▸ **Source material**:
◇ ◇ ◇

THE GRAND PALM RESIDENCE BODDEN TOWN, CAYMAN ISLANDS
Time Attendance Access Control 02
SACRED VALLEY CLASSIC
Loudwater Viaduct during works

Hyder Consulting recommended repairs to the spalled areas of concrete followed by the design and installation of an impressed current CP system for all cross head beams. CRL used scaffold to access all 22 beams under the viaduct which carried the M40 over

◇ ◇ ◇

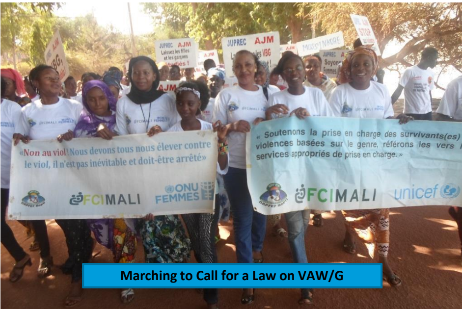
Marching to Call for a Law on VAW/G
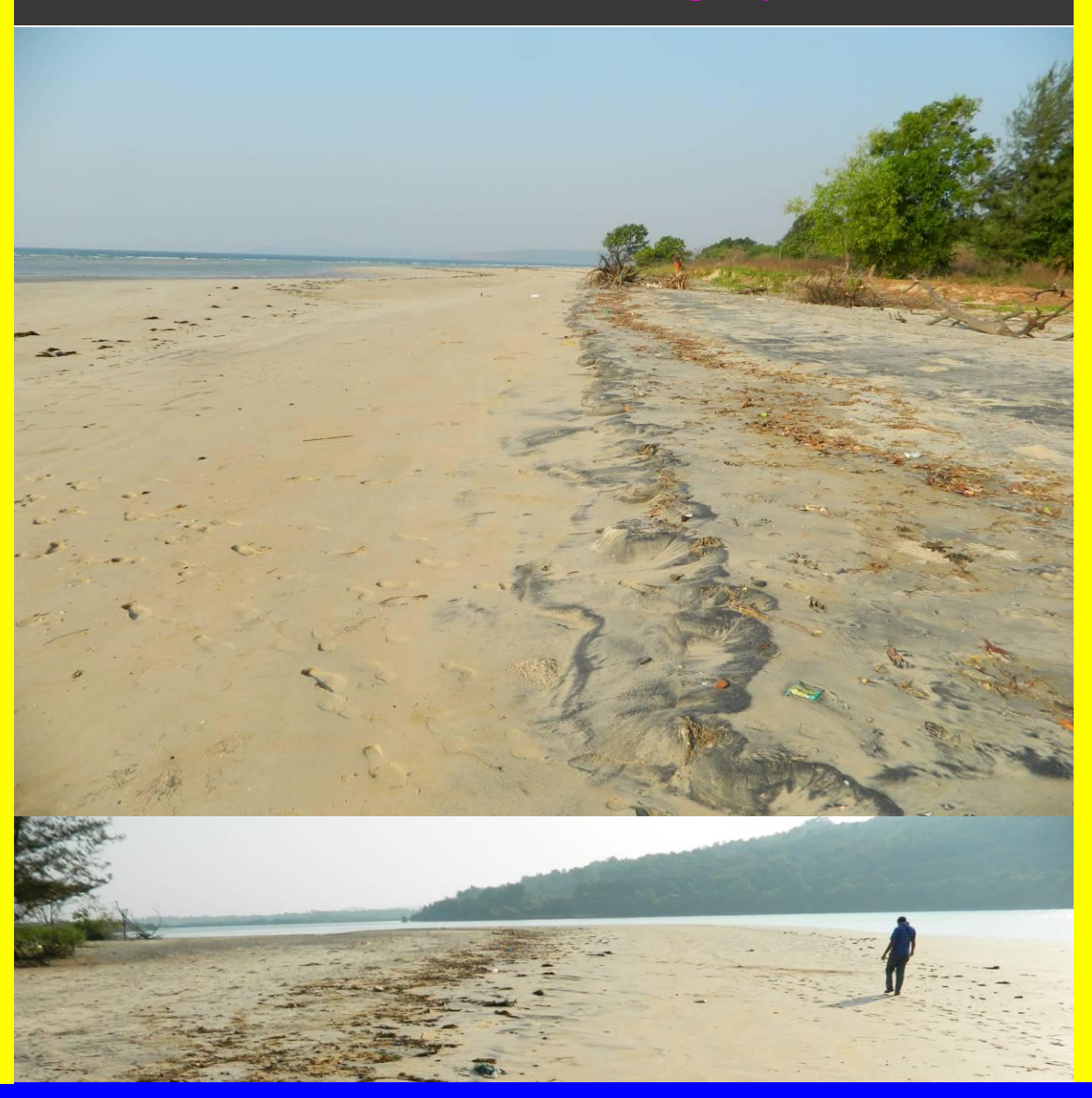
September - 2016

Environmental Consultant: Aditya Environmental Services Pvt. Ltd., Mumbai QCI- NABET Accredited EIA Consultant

◇ ◇ ◇

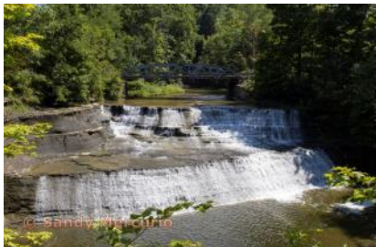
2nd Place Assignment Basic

◇ ◇ ◇

▸ **What you will do**: Could you restate word for word the lines above from the one containing "THE GRAND PALM" through the one containing "Loudwater Viaduct during works", both included, and nothing else?

▸ **Response area**:
THE GRAND PALM RESIDENCE BODDEN TOWN, CAYMAN ISLANDS
Time Attendance Access Control 02
SACRED VALLEY CLASSIC
Loudwater Viaduct during works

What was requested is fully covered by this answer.